When it became clear the hiatus would last awhile, Perry headed back to Pleasanton to finish writing the book he had begun while taking a summer class at Las Positas College on writing a novel in one month.

Novel writing always fascinated him, he said, even as he attended Walnut Grove Elementary and Harvest Park Middle.

"I always marveled at the fact that these guys and ladies had put a complete package together," he said. "I thought, if I can do something like that in my lifetime, that would be great."

While sheltering in place, he worked through draft after draft of the book, then hired a copy editor from New York City, Shaina Clingempeel, who had edited other sci-fi novels and came highly recommended.

The cover image was inspired by a tree on Zach Perry's boyhood cul-de-sac. (Contributed photo)

Perry hired a graphic designer to create the cover image, which was inspired by a tree that was once in the cul-de-sac of Perry's Pleasanton street.
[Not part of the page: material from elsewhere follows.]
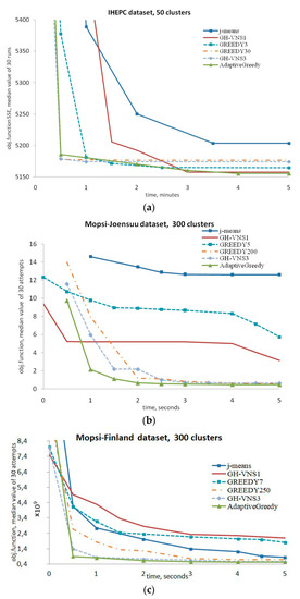 Many transportation and other problems (e.g., clustering problems related to computer vision) require online computation within a fixed time. As mentioned above, Lloyd’s procedure, the most popular k-means clustering algorithm, is rather fast. Nevertheless, for specific data sets including geographic/geometrical data, this algorithm results in a solution which is very far from the global minimum of the objective function (1), and the multi-start operation mode does not improve the result significantly. More accurate k-means clustering methods are much slower. Nevertheless, recent advances in high-performance computing and the use of massively parallel systems enable us to work through a large amount of computation using the Lloyd’s procedure embedded into more complex algorithmic schemes. Thus, the demand for clustering algorithms that compromise on the time spent for computations and the resulting objective function (1) value is apparent. Nevertheless, in some cases, when solving problem (1), it is required to obtain a result (a value of the objective function) within a limited fixed time, which would be difficult to improve on by known methods without a significant increase in computational costs. Such results are required if the cost of error is high, as well as for evaluating faster algorithms, as reference solutions.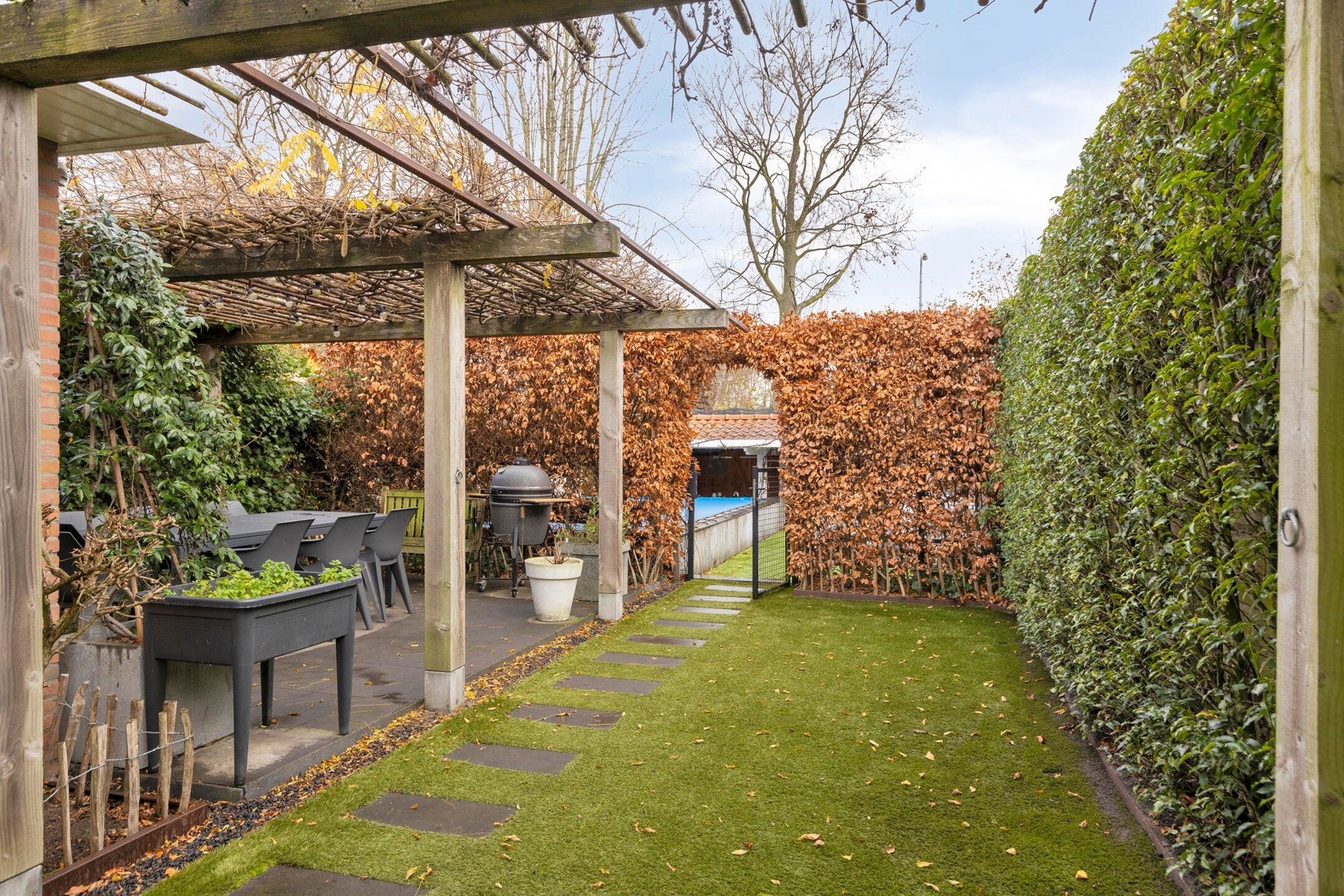 De tuin is voorzien van onderhoudsarm kunstgras, waardoor deze het hele jaar door groen blijft. De pergola en drie terrassen zorgen voor meerdere fijne zitplekken, passend bij elk moment van de dag.

"There is a little island that has grass, and once it had a huge fluffy tree," he remembered. "Unfortunately it died about 20 years ago, but that was our childhood tree."

After sending query letters to publishers, Perry decided to self-publish through Amazon, and "One Among the Duggle Tree" came out last month. Copies in hand, he visited Towne Center Books, where he gave owner Judy Wheeler a brief synopsis, and she agreed to give it a try.

"If the 10 copies are sold in 30 days, I can bring 50 more to her," Perry said.

Although Perry plans to continue "Duggle Tree" in a series, he is currently working on a time travel story.

"It's a change of pace," he said. "I've been doing research on the physics of it."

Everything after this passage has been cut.